Worauf konzentrieren sich die Bauarbeiter zurzeit?

Auf den Bereich um den Großteich. Dort hat der technisch aufwendigste Abschnitt der Baustelle begonnen. Bohrpfähle werden in den Boden getrieben, die eine neue Stützwand bilden. Auf diese Weise wird die Voraussetzung für die Verbreiterung des Dammes am Großteich geschaffen. Um die Bohrpfähle in den Untergrund rammen zu können, wurde das Wasser des Teiches vorübergehend abgelassen. Zudem wird die nahe Brücke über den Bräunsdorf-Herrnsdorfer Bach saniert. Der Abschnitt am Teich ist deshalb gesperrt.

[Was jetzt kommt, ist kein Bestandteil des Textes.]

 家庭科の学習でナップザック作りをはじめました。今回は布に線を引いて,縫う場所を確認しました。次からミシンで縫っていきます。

Welchen Einfluss hat das Wetter?

Laut Stefan Fischer von der Baufirma VSTR aus dem Vogtland stellt leichter Frost kein Hindernis dar. Erst bei Temperaturen ab minus zehn Grad werde es schwierig, mit Fertigbeton zu arbeiten. Da solche Temperaturen für die nächsten zehn Tage nicht vorhergesagt werden, ist davon auszugehen, dass keine Unterbrechung droht.

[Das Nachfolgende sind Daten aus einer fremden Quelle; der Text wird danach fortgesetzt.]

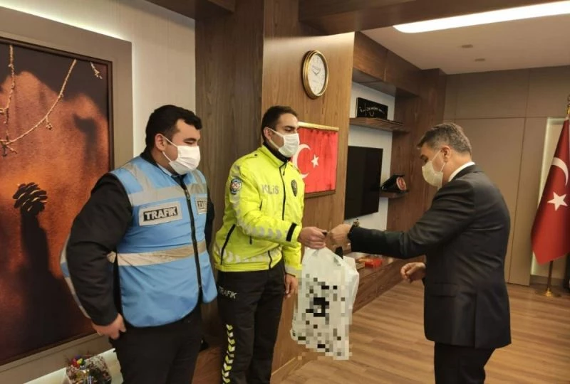 Makamında trafik polislerini ağırlayan Emniyet Müdürü Zeybek, iki polis memurunu duyarlığı nedeniyle kutladı. Zeybek, davranışları nedeniyle ödüllendirdiği trafik polislerine hediyeler de verdi.

Ist der Abschnitt unterhalb der Teichmühle schon fertig?

Noch nicht ganz. Freigegeben ist bislang nur die Langenchursdorfer Straße. Die dortige Brücke über den Bräunsdorf-Herrnsdorfer Bach ist erneuert worden. Auf dem Teilstück der Unteren Dorfstraße zwischen Langenchursdorfer Straße und der Naumann-Schmiede müssen noch Gehwege gepflastert, Zufahrten angelegt und Straßenlaternen installiert werden. Nach Angaben von Bauleiter Fischer dürfen Anlieger jenen Abschnitt aber bereits befahren. Auf dem folgenden kurzen Teilstück bis zur Teichmühle muss noch Asphalt aufgebracht werden.

Warum wurde die Vorfahrtsregelung an der Einmündung der Langenchursdorfer in die Untere Dorfstraße verändert?

Zuvor war die Untere Dorfstraße die Vorfahrtsstraße, jetzt knickt diese vom Oberdorf kommend in Richtung Langenchursdorf ab. Dies entspricht auch dem Verlauf der Kreisstraße. Nach Angaben des Zwickauer Landratsamtes orientiert sich die Regelung an den vorherrschenden Verkehrsströmen. Man habe die neue Regelung mit Verkehrsbehörden und Polizei abgestimmt.

Wie ist das Unterdorf derzeit erreichbar?

Die offizielle Umleitung führt über Langenchursdorf. Einheimische Autofahrer nutzen jedoch auch einen unbefestigten Weg, der an der Wendeschleife beginnt und gegenüber der Straße Am Kirchberg in die Untere Dorfstraße mündet. Dies ist aber nach Angaben des Landratsamtes nicht erlaubt. Die Verbindung sei nur für Fußgänger vorgesehen.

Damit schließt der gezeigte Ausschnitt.